Photomotor Responses in Zebrafish and Electrophysiology Reveal Varying Interactions of Anesthetics Targeting Distinct Sites on Gamma-Aminobutyric Acid Type A Receptors

Etomidate, barbiturates, alphaxalone, and propofol are anesthetics that allosterically modulate GABA_A receptors via distinct sets of molecular binding sites. Two-state concerted co-agonist models account for anesthetic effects and predict supra-additive interactions between drug pairs acting at distinct sites. Some behavioral and molecular studies support these predictions, while other findings suggest potentially complex anesthetic interactions. We therefore evaluated interactions among four anesthetics in both animals and GABA_A receptors.

We used video assessment of photomotor responses in zebrafish larvae and isobolography to evaluate hypnotic drug pair interactions. Voltage-clamp electrophysiology and allosteric shift analysis evaluated co-agonist interactions in α1β3γ2L receptors activated by GABA vs. anesthetics [log(d, AN):log(d, GABA) ratio]. Anesthetic interactions at concentrations relevant to zebrafish were assessed in receptors activated with low GABA.

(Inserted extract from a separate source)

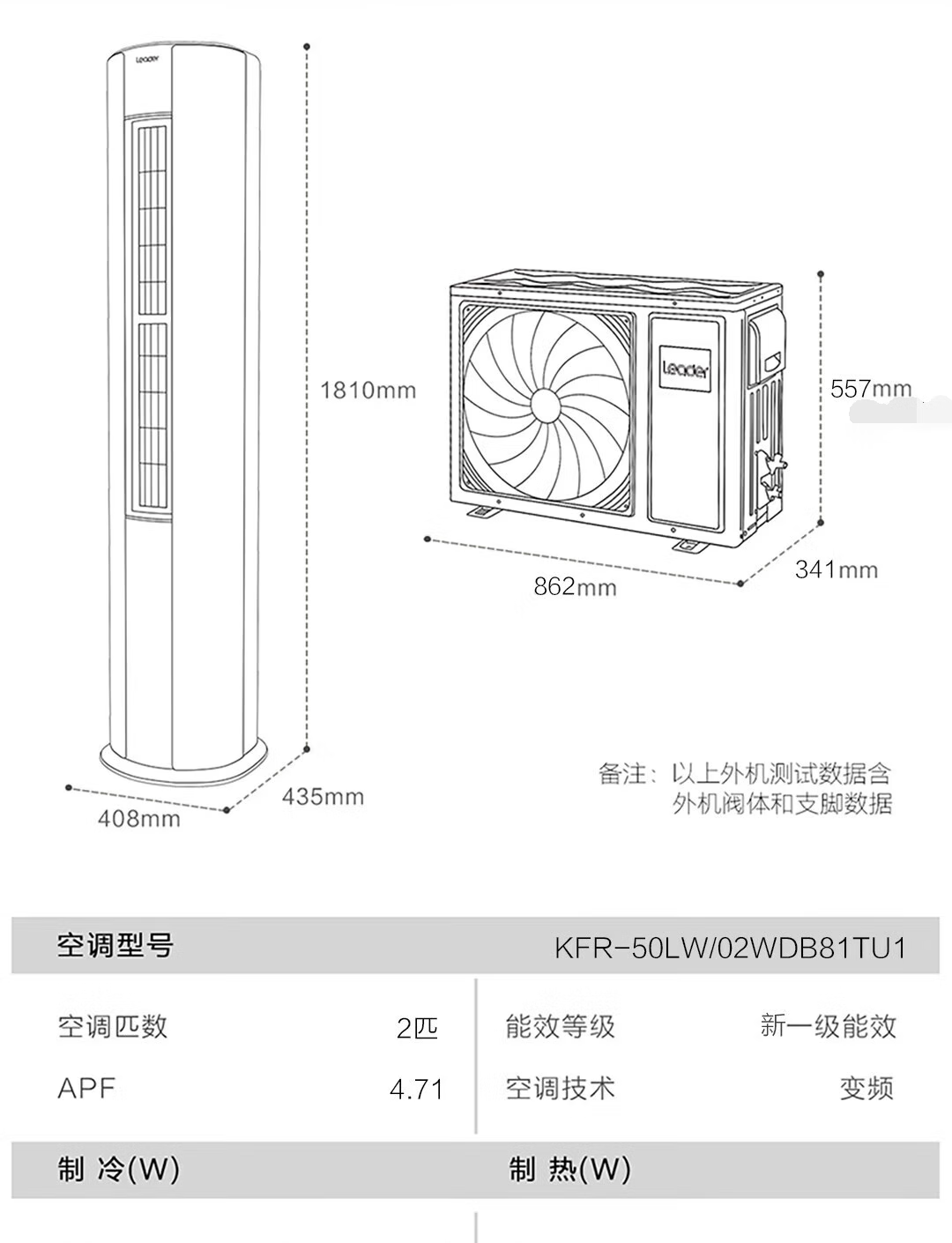 统帅(Leader)海尔出品空调柜机2匹立柜式新一级能效内外机自清洁独立除湿WIFI智控节能空调KFR-50LW/02WDB81TU1

In zebrafish larvae, etomidate interacted additively with both propofol and the barbiturate R-mTFD-MPAB (mean ± SD α = 1.0 ± 0.07 and 0.96 ± 0.11 respectively, where 1.0 indicates additivity), while the four other drug pairs displayed synergy (mean α range 0.76 to 0.89). Electrophysiologic allosteric shifts revealed that both propofol and R-mTFD-MPAB modulated etomidate-activated receptors much less than GABA-activated receptors [log(d, AN):log(d, GABA) ratios = 0.09 ± 0.021 and 0.38 ± 0.024, respectively], while alphaxalone comparably modulated receptors activated by GABA or etomidate [log(d) ratio = 0.87 ± 0.056]. With low GABA activation, etomidate combined with alphaxalone was supra-additive (n = 6; P = 0.023 by paired t-test), but etomidate plus R-mTFD-MPAB or propofol was not.

In both zebrafish and GABA_A receptors, anesthetic drug pairs interacted variably, ranging from additivity to synergy. Pairs including etomidate displayed corresponding interactions in animals and receptors. Some of these results challenge simple two-state co-agonist models and support alternatives where different anesthetics may stabilize distinct receptor conformations, altering the effects of other drugs.